Exercise prompt
Begin at the line containing "Смелый, эмоциональный и" in the records below, end at the line containing "Propangasflaschen-Schrank, verzinkt, geschlossene", and retype each line in that span exactly. No other line and no image should appear.

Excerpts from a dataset
::::

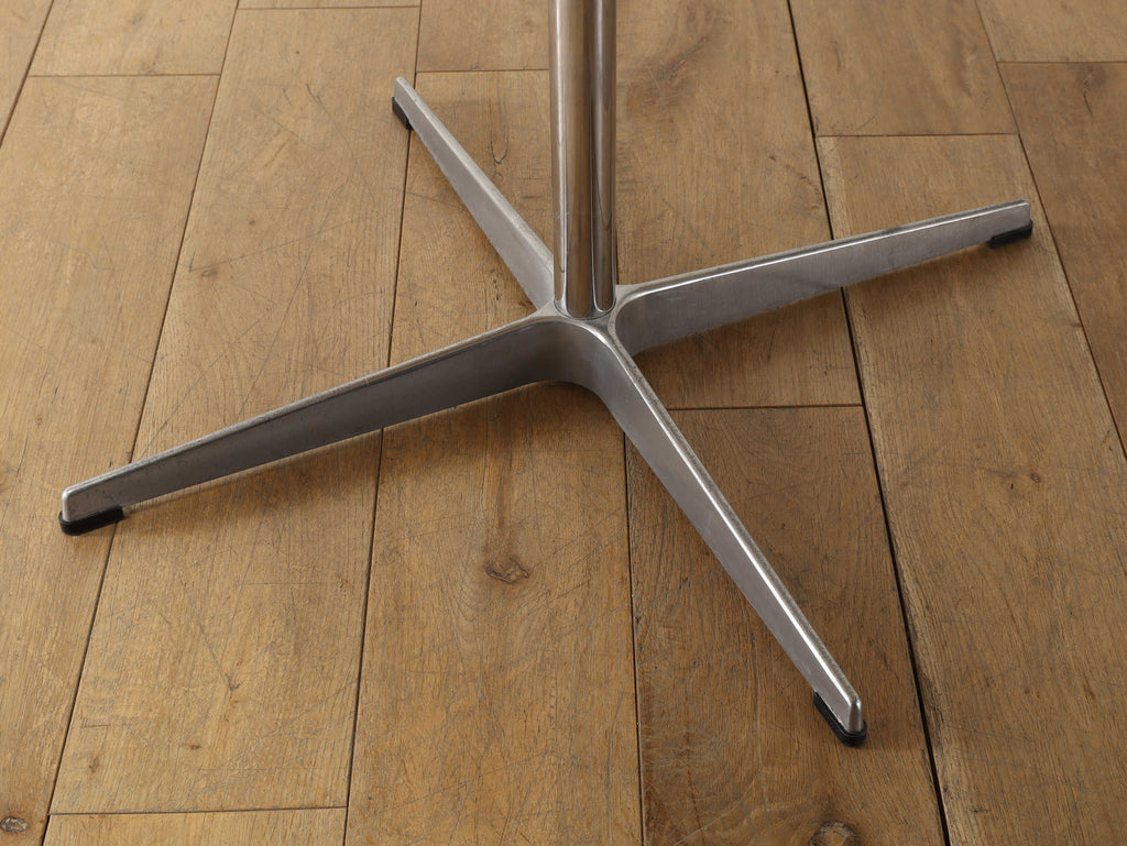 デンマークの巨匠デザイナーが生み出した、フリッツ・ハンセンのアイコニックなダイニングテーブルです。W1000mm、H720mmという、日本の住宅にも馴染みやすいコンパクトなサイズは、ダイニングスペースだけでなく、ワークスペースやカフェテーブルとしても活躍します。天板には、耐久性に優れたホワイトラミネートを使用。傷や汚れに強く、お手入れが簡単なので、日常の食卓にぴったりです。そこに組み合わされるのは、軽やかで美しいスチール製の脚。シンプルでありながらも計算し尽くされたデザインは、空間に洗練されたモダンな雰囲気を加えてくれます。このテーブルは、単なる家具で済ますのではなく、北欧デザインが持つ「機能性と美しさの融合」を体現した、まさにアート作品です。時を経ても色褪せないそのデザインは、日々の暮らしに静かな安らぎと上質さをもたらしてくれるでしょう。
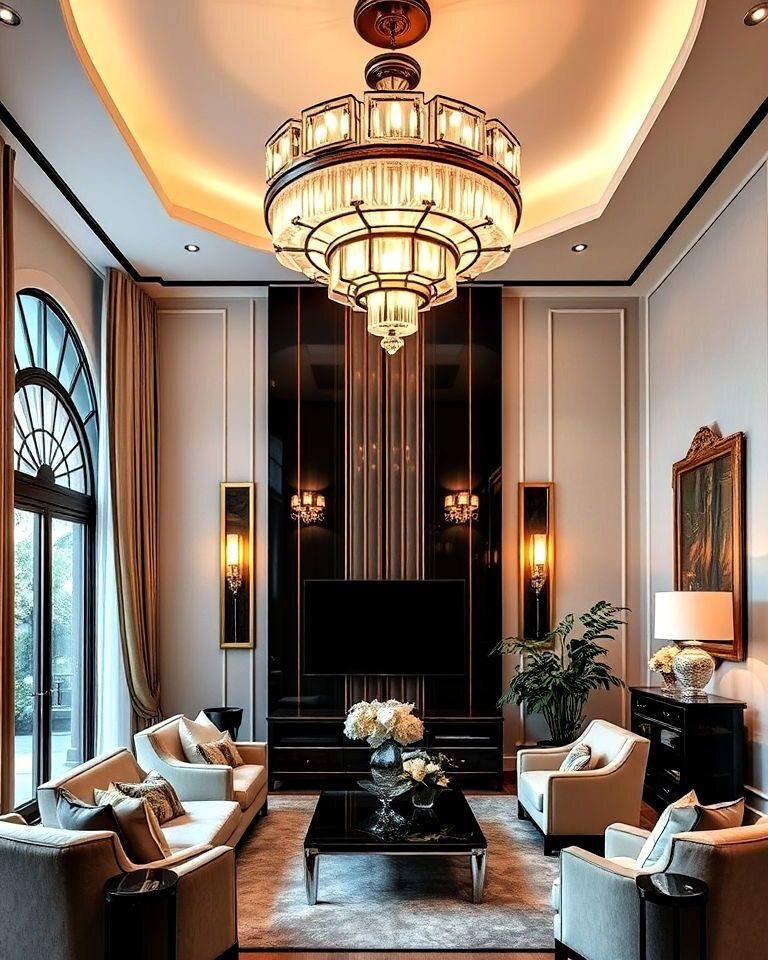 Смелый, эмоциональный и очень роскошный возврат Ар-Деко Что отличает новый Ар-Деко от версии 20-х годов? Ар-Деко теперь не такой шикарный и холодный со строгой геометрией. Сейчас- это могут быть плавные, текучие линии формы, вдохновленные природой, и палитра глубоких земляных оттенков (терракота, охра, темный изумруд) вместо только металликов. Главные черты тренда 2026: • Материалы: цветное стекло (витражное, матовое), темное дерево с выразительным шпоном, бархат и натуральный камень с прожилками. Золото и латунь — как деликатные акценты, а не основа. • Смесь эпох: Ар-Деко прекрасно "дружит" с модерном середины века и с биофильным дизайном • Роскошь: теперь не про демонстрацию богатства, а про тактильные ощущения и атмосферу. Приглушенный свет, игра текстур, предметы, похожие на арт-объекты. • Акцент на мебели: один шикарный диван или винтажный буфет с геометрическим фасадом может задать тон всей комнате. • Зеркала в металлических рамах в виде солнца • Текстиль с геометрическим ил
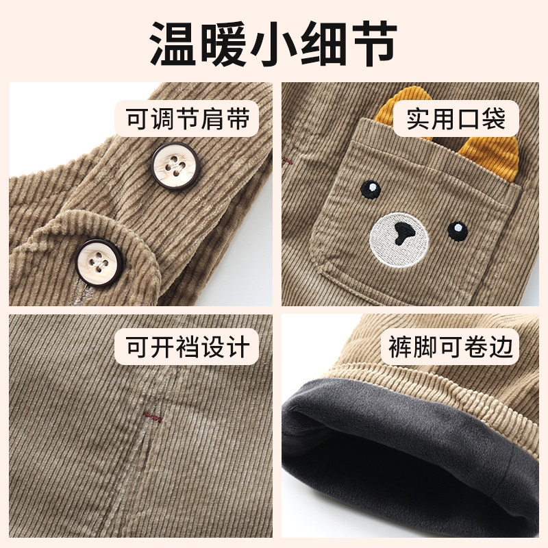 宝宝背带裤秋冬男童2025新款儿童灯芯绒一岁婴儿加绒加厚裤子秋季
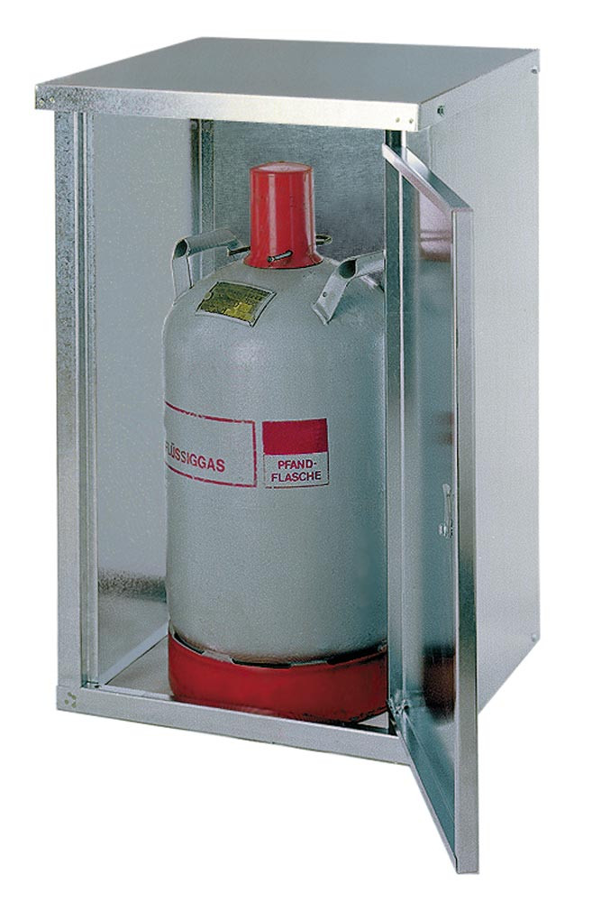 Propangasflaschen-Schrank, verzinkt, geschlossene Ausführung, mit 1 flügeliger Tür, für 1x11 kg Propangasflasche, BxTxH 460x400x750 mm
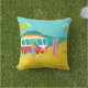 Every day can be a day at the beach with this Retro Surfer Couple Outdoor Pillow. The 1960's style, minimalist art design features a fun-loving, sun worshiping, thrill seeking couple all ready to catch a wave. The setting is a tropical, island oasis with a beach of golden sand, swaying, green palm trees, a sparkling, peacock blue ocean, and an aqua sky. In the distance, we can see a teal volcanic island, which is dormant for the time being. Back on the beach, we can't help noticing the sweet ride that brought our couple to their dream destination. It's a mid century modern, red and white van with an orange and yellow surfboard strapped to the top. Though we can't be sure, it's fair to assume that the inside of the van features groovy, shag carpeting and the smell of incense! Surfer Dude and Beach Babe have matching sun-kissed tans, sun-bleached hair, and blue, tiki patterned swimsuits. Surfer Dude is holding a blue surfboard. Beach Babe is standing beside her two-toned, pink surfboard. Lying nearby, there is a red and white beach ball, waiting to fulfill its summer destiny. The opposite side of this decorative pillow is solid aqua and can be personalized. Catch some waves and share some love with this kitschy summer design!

::::

Answer box
 Смелый, эмоциональный и очень роскошный возврат Ар-Деко Что отличает новый Ар-Деко от версии 20-х годов? Ар-Деко теперь не такой шикарный и холодный со строгой геометрией. Сейчас- это могут быть плавные, текучие линии формы, вдохновленные природой, и палитра глубоких земляных оттенков (терракота, охра, темный изумруд) вместо только металликов. Главные черты тренда 2026: • Материалы: цветное стекло (витражное, матовое), темное дерево с выразительным шпоном, бархат и натуральный камень с прожилками. Золото и латунь — как деликатные акценты, а не основа. • Смесь эпох: Ар-Деко прекрасно "дружит" с модерном середины века и с биофильным дизайном • Роскошь: теперь не про демонстрацию богатства, а про тактильные ощущения и атмосферу. Приглушенный свет, игра текстур, предметы, похожие на арт-объекты. • Акцент на мебели: один шикарный диван или винтажный буфет с геометрическим фасадом может задать тон всей комнате. • Зеркала в металлических рамах в виде солнца • Текстиль с геометрическим ил
 宝宝背带裤秋冬男童2025新款儿童灯芯绒一岁婴儿加绒加厚裤子秋季
 Propangasflaschen-Schrank, verzinkt, geschlossene Ausführung, mit 1 flügeliger Tür, für 1x11 kg Propangasflasche, BxTxH 460x400x750 mm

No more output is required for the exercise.